Skullin idea is a Great One, The fabric I think He Meant was Cheese Cloth and soak it in coffee dont rinse it out hang it in your shower or on your clothes line as is and let it dry that way it will age the cheese cloth.Than take it like he say and mke your out fit. see my picis of muumies I also wrot a "How-To in the tutorial area of this forum. Good Luck with your outfit Have fun !!!

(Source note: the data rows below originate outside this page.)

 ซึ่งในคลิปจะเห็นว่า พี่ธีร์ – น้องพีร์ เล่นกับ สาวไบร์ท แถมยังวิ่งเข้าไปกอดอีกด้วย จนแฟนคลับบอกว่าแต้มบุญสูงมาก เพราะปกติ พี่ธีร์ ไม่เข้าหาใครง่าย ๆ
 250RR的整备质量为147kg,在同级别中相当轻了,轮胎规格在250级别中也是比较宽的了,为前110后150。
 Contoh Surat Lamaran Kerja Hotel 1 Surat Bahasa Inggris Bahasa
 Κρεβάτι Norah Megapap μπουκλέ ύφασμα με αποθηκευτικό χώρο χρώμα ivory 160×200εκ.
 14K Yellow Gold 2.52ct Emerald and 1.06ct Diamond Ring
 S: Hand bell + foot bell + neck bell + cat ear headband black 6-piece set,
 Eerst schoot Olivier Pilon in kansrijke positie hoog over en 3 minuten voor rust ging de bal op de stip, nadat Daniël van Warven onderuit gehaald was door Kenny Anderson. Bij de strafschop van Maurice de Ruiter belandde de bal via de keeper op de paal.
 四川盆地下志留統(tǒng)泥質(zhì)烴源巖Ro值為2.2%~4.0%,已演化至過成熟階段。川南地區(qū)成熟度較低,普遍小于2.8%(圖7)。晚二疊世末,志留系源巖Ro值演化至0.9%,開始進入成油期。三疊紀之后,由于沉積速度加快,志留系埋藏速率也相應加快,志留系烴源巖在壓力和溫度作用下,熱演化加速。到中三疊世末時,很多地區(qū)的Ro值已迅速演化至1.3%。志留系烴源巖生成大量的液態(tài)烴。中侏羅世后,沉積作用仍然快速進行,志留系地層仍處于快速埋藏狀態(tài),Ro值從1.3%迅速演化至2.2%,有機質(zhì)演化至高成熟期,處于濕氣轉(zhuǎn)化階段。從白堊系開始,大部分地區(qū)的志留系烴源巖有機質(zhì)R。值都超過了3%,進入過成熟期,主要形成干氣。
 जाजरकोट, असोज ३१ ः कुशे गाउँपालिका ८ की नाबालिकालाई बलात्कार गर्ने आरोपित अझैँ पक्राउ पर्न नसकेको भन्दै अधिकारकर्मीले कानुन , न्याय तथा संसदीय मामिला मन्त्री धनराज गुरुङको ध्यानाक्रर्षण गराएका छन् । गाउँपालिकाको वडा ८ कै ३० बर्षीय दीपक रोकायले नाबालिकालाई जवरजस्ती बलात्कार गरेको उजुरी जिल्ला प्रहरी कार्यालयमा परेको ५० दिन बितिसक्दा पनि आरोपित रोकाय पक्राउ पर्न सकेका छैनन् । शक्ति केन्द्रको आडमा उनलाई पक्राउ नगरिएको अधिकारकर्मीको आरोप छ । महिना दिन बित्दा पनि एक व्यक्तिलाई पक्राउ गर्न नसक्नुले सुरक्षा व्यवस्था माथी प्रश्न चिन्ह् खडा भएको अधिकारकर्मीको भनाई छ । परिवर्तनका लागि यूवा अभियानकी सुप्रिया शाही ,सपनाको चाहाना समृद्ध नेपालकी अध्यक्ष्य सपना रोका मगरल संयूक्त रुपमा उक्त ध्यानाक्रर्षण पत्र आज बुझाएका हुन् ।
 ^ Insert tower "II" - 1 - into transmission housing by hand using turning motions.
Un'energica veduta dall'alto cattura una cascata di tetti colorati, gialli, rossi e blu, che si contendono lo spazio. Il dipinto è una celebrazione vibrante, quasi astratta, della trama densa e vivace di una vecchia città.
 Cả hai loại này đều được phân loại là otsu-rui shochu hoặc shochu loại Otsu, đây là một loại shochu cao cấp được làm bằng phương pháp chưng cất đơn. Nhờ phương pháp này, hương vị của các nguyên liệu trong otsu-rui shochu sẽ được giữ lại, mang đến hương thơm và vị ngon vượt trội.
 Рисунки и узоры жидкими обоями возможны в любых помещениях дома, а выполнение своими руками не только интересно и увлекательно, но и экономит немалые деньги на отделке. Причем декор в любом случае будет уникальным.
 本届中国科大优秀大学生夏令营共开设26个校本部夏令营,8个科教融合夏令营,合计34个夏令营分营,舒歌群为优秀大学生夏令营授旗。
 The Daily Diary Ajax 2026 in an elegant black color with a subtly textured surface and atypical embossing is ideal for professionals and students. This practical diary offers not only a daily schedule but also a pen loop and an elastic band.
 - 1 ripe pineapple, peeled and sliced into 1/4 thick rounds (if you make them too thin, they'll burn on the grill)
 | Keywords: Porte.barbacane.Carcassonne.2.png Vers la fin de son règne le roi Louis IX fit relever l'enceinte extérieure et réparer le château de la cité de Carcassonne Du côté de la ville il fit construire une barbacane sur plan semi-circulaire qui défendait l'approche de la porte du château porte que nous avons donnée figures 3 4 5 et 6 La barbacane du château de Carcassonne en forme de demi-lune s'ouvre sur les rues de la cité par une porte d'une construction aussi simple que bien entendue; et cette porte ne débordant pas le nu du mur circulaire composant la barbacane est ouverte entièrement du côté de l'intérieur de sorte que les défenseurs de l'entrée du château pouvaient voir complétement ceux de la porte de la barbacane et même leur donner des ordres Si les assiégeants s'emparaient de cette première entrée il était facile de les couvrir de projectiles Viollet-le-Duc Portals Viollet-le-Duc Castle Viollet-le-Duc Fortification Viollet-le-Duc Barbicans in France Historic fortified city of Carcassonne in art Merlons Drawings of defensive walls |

Blinky's Mummies Take some potting soil and dirty it up a bit too !!! Try and criss cross the strips of cheese cloth when you are putting them on your outfits it will look more like a real mummy, the Egyptains cross crossed the fabric when they were wrapping their corpes.
You could even glue green potting moss to your out fit. and when you wrap your head take the time to do it right.have a little hair poke out too. if you want a crook and fail I used a xmas candy cane and gold ribbon and black electric tape wraped around to make the crook .and Gold fabric to make the Fail with a Curtain Fob at the end. 
I have the crook in storage and will have to dig it out, but have is a pic of the fail


----------



## chubacabra (Jul 19, 2004)

Good ideas
Got any suggestions for my face?


----------



## Guest (Jun 13, 2007)

There is a company called scream team that makes a awsome mummy mask that you can wear, but on my mummy I used the Living Skull masks. Scream Team mask Done up right this could be One heck of a Awsome mask. and the other mask I used On Shopie They dont make any more now that they came out with Version II but this one comes close  Version II Skull Mask


----------



## Skulkin (Jul 27, 2005)

When I wear my mummy costume to work at The Costume Shop, I use Ben Nye make-up. I used a beige for the base tone, then I painted "strips" across my face with a light brown, kind of like I just got up from a 3,000 year wrap nap! Around my mouth and eyes I "aged" the skin with vertical lines coming from the edges of my lips and eyelids with a brown and purple. By pursing your lips and squinting your eyes you can see where your natural lines will be as you age. That's where you want to paint the lines. I know I have a picture of the make-up, somewhere. I'll have look for it.


----------



## chubacabra (Jul 19, 2004)

Cool, looks like I'll need to get some make up to play with


----------